(Beginning of GIVEN DATA)
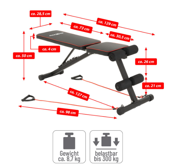 MAXXIVA Regulowana ławka do ćwiczeń, 127 x 28,5 cm
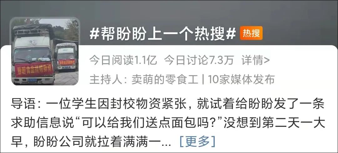 这次为学生捐物的热搜,盼盼相对低调,出圈是意外之喜;在之前的冬奥会中,盼盼是高调示人,出圈是意料之中。
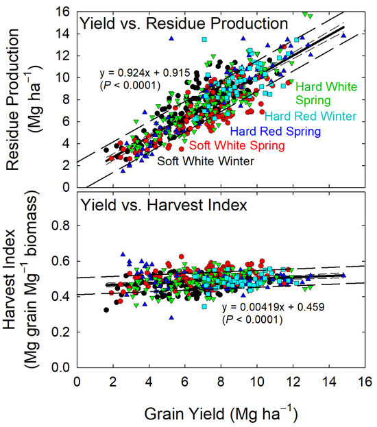 Figure 1 graphically illustrates the relationships of grain yield with residue production and HI. This analysis was performed by integrating data from all wheat classes together, since the classes were studied in separate experimental designs. The associated regression results are given mathematically in Table 5. This analysis was performed to enable simple estimation of wheat residue production from grain yield, since yield is the most widely measured and reported metric for wheat production. The regression results indicate that residue production of about 0.92 Mg ha−1 would be expected even when grain yield is zero. The results further indicate that for each 1.0 Mg ha−1 increase in yield, residue production will increase by about 0.92 Mg ha−1. Correspondingly, the slope for the relationship between grain yield and HI was slightly positive (significantly different and greater than zero), further indicating that the amount of grain produced relative to residue increases somewhat with increasing yield. For example, using the equation presented in Table 5, HI values of approximately 0.47, 0.48, 0.50, and 0.51 would be expected at yields of 3.0, 6.0, 9.0, and 12 Mg ha−1, respectively.
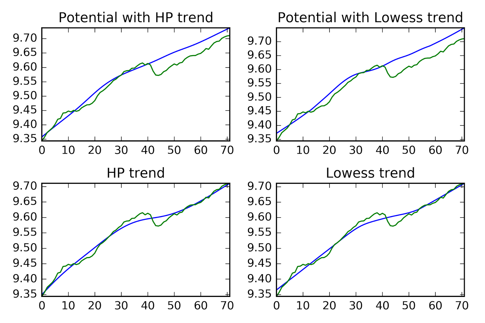 Since the shock term is still present, it is necessary to smooth the data again. I used an HP filter for both this as the previous smoothing (discerning potential GDP), but you can also use a lowess/LOESS filter, if you prefer, the results are not different enough to be worthwhile, although sometimes the lowess result seems more plausible when eyeballing.
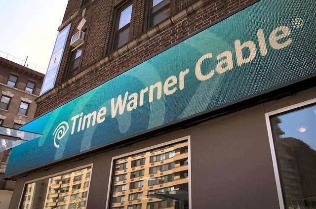 A Time Warner Cable sign and logo are seen on the
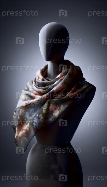 Мокет цветочного шелкового шарфа, искусственно устроенный в свободном узле на шее темного манекена, Ай создал изображение
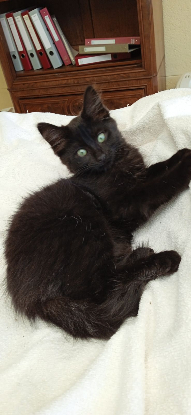 Cette petite chatte aux poils angoras, noirs avec quelques reflets marrons ne peut que vous faire craquer, c'est un véritable petit ange.
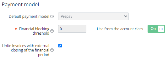 - Unite invoices with external closing of the financial period — the default value is inherited from the account class (see Creating an account class). When the checkbox is selected, instead of individual invoices, one joined invoice is issued for subscriptions of an account when all the following conditions are met:
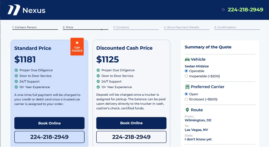 Clients can easily get a free quote on the Nexus website by entering only the delivery and pickup locations, the type of car to be shipped, and an estimated delivery timeframe or date. Nexus generates multiple options, providing customers with a precise and reliable way to get a vehicle from point A to point B safely.
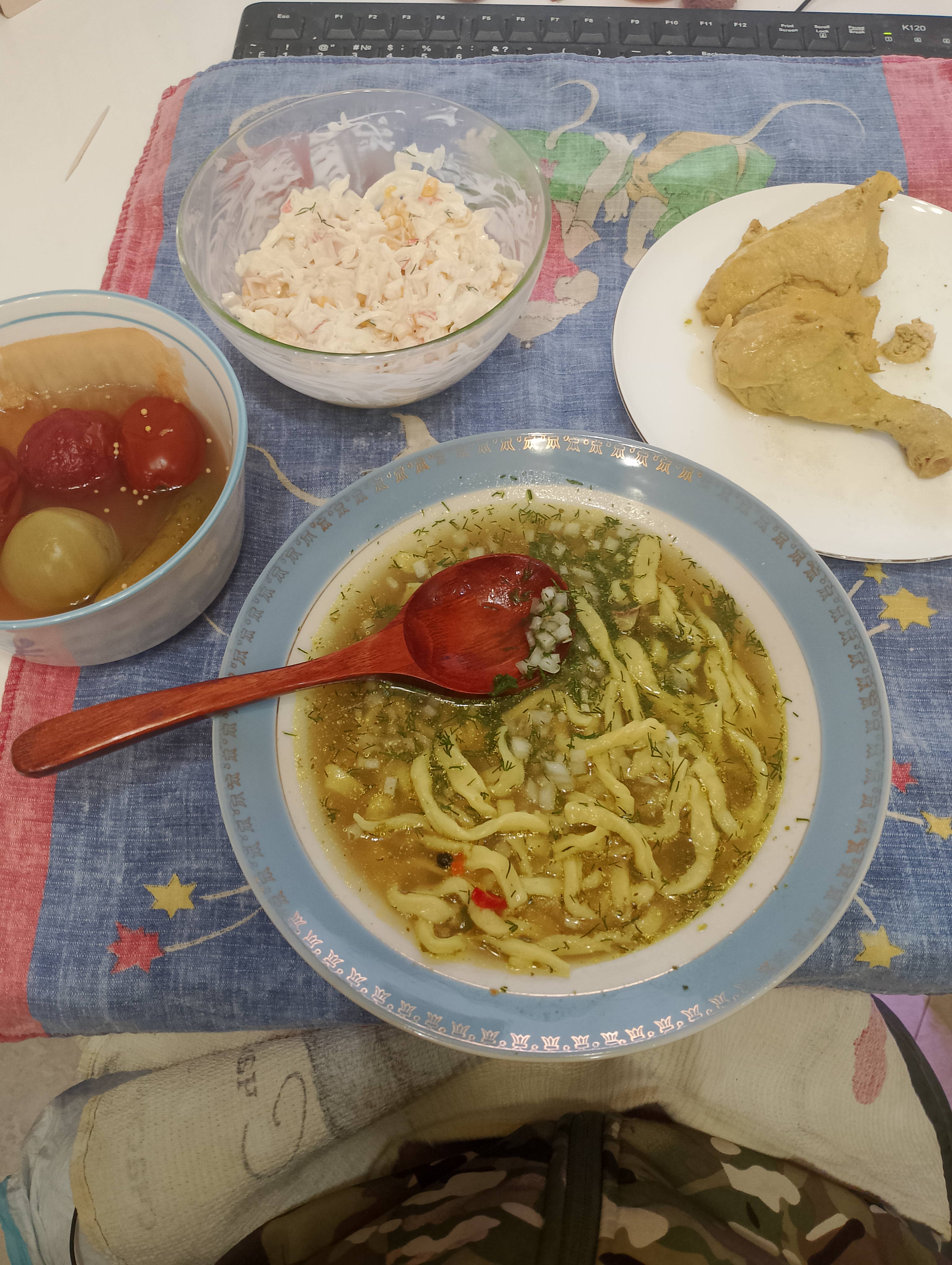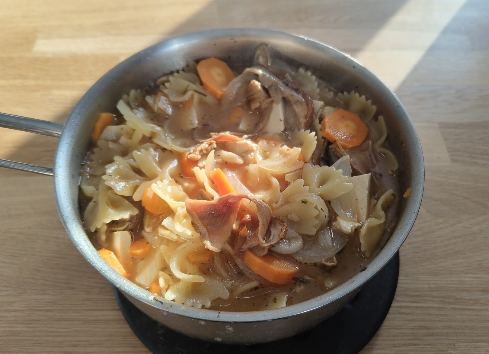 Простой рабоцкий ланч за 15 минут. Обжарил морковку с луком и чесноком в ковшике с паприкой, влил воды, макарошки, бульон говяжий порошковый, посолили поперчили, смесь сухих трав (базилик сельдерей и петрушка), тофу да сушеные белые грибы. Выглядит так себе, на вкус прям хорошо, еще бы сутки постоять бульону.
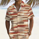 Men's Geometric Color Block Patchwork Shirt Summer Shirt Button Up Shirt Short Sleeve Fashion Casual Outdoor Vacation Dailywear Summer Spring Turndown 3D Print Collared Shirts Khaki |
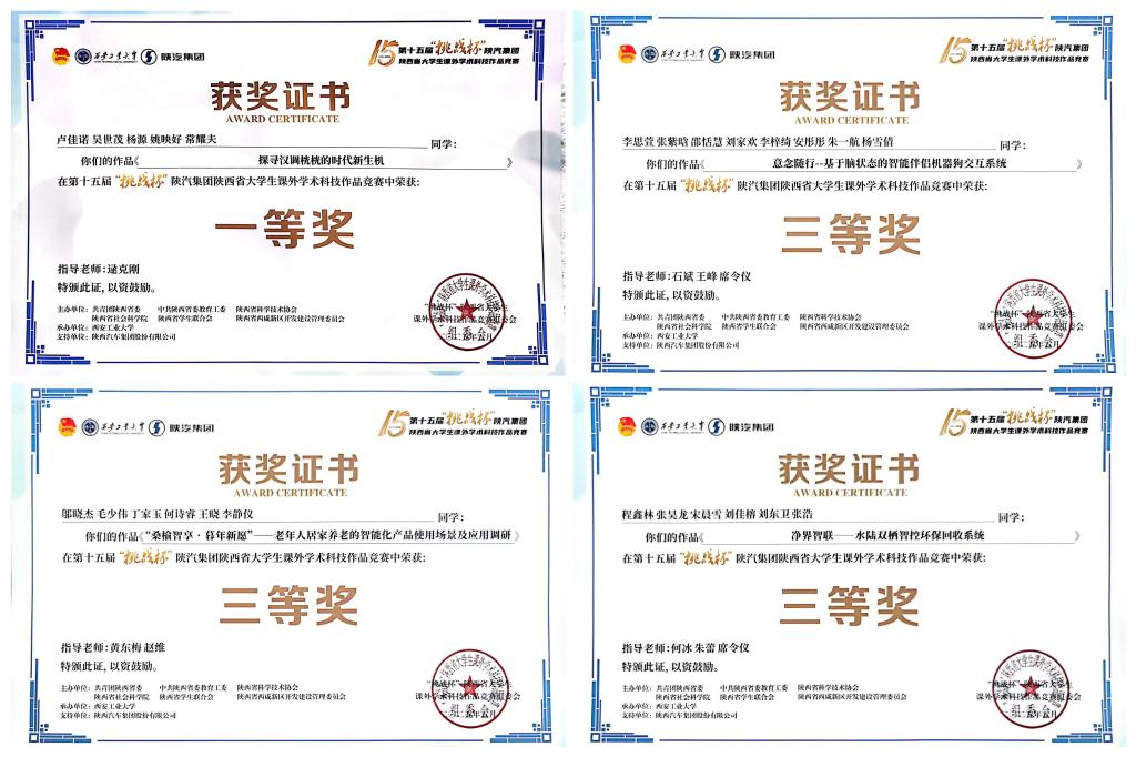 近日,陕西省第十五届“挑战杯”大学生创业计划竞赛圆满落幕。best365学子荣获一等奖1项、三等奖3项。
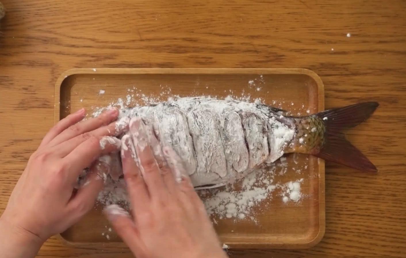 2、在魚身上撒一層面粉,然後再抖掉魚身上多餘的麪粉;
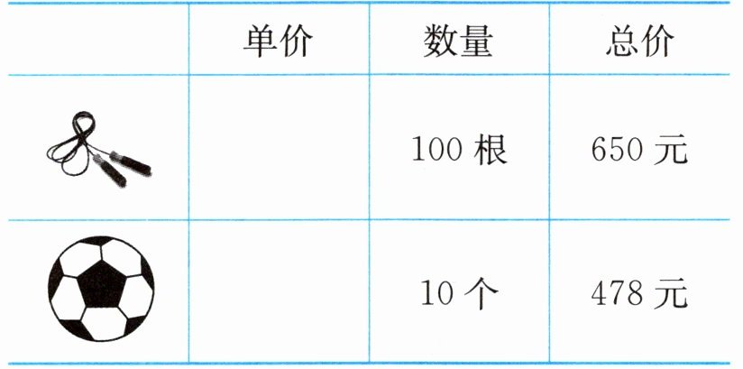 2. 学校购买了下列体育用品,数量和总价如下表。计算出每种体育用品的单价,并填入表中。
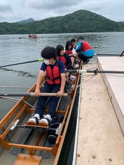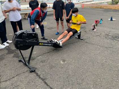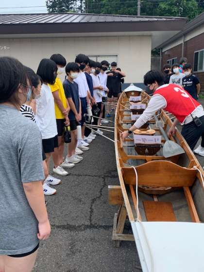 オールを漕ぐ練習をしています。コツを掴むのが難しいみたいですが、5人の息が合わさるとスピードが出ておもしろそうです。
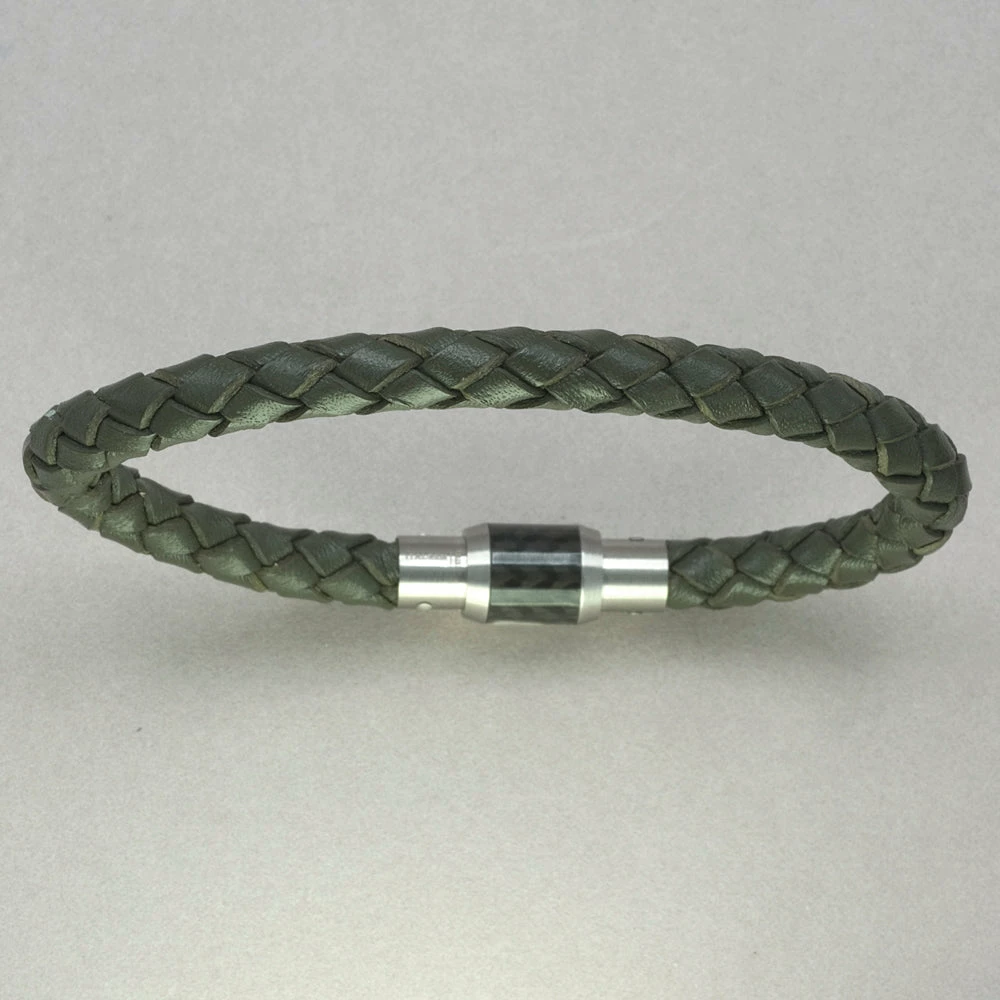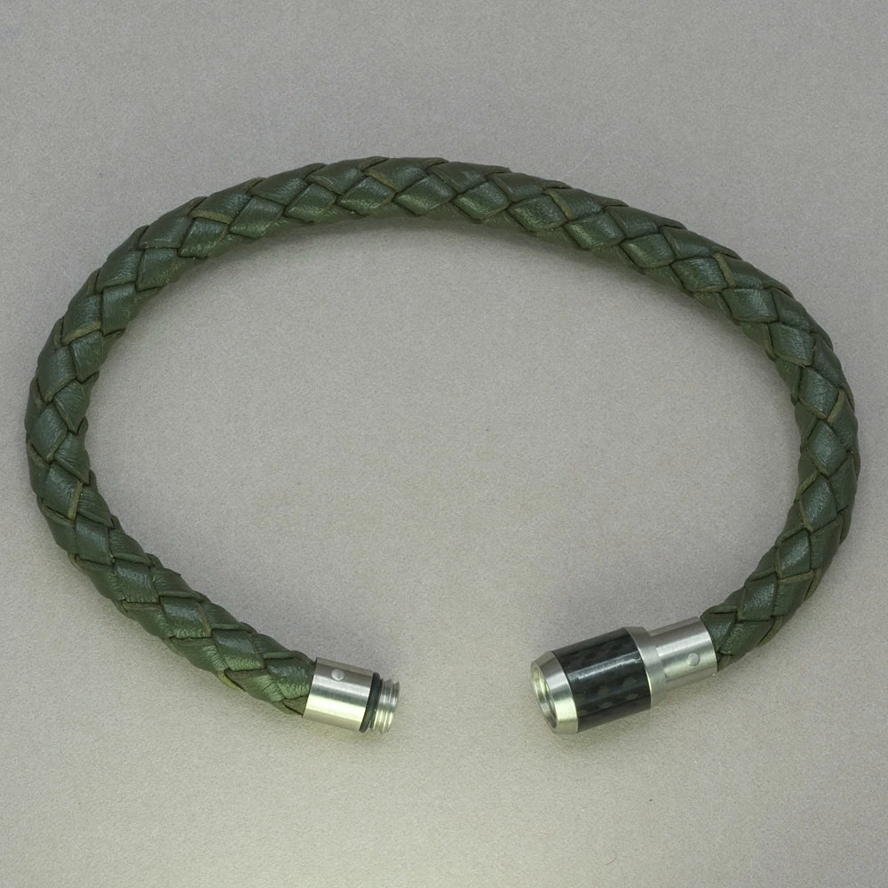 Army green leather bracelet with stainless steel and carbon fiber screw clasp. Measures 8.7″ long. ital slb 228
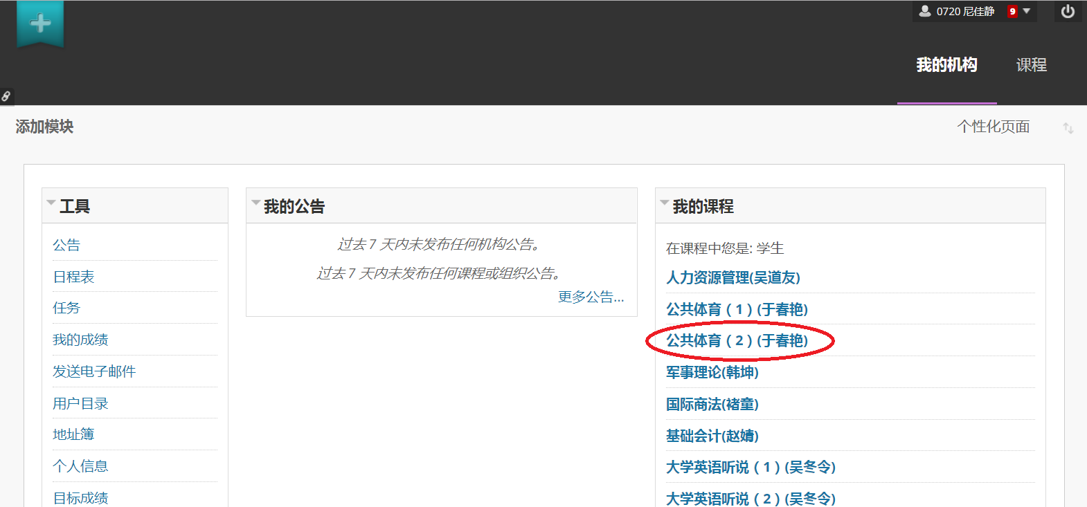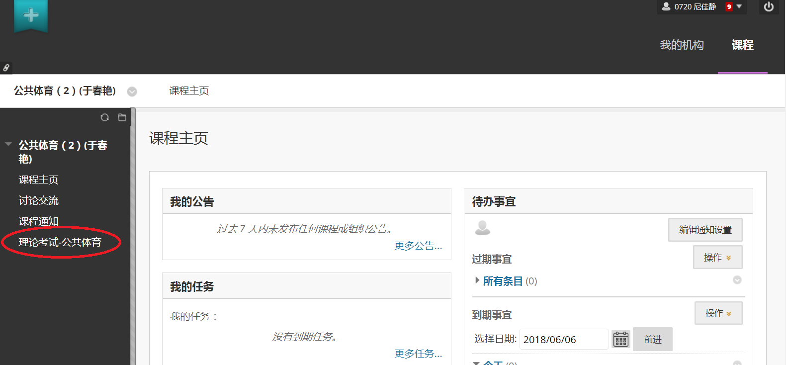 2、进入平台后,课程列表中找到考生对应所在的课程,找到考试栏目。
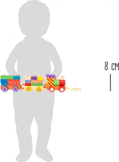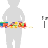 Szórakoztató húzogatós kisvonat a legkisebbeknek, fejleszti a mozgáskoordinációt, az összerendezett mozgást és a fantáziát. A színes fa építőelemeknek köszönhetően a mozdony és a két kocsi könnyen átalakítható, a kocsik összekapcsolhatók és zsinórral húzhatók. Vidám színek és minták hívogatnak játékra és tanulásra.
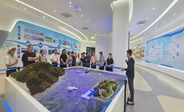 讲解员以“从航空救国、志在冲天到航空报国、航空强国”为主线,围绕“我们是谁”“回顾昨天”“把握今天”“展望未来”以及“青年担当”五个维度介绍了中航通用飞机有限责任公司及AG600的研制历程。
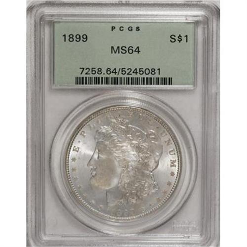 <B>1899 $1 MS64 PCGS.</B></I> . PCGS Population (2979/1085). NGC Census: (2297/588). Mintage: 330,846. Numismedia Wsl. Price for NGC/PCGS coin in MS64: $385. (#7258)<BR><BR><B>Coin Engraver:</B> George T. Morgan<BR><BR><b>Shipping:</b> Coins & Currency (<a target="_blank" href="http://www.heritageauctions.com/common/shipping.php">view shipping information</a>)
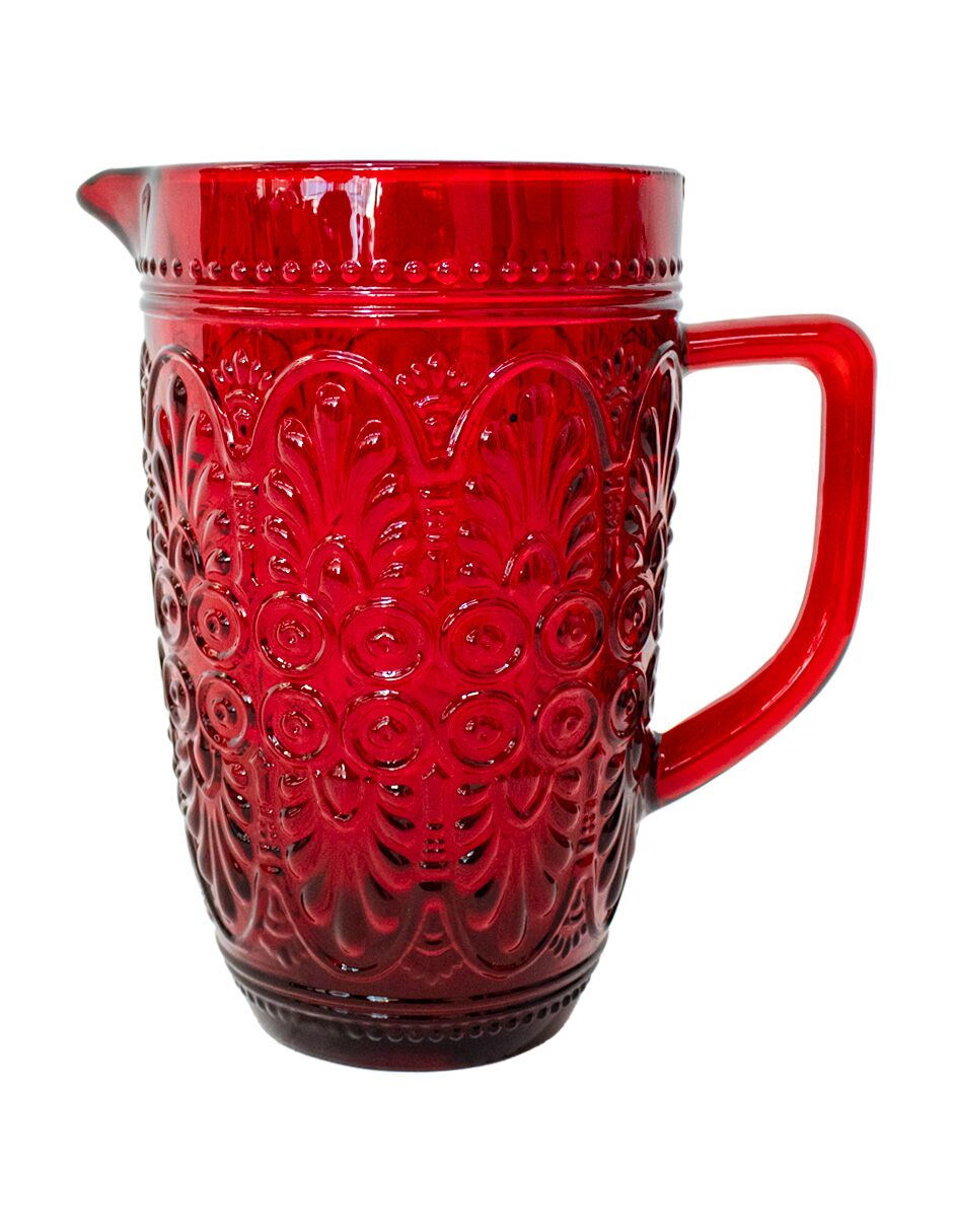 Una jarra de vidrio roja que añade un toque audaz y festivo a tu mesa. Es ideal para servir bebidas en ocasiones especiales o simplemente para dar un toque de color. Tiene una capacidad de 1330ml.
(End of GIVEN DATA)
* YOUR INSTRUCTIONS: A word-for-word copy is needed, starting at the first line of the listing and ending with the line bearing "这次为学生捐物的热搜,盼盼相". No pictures.

* OUTPUT FOR THIS TASK:
 MAXXIVA Regulowana ławka do ćwiczeń, 127 x 28,5 cm
 这次为学生捐物的热搜,盼盼相对低调,出圈是意外之喜;在之前的冬奥会中,盼盼是高调示人,出圈是意料之中。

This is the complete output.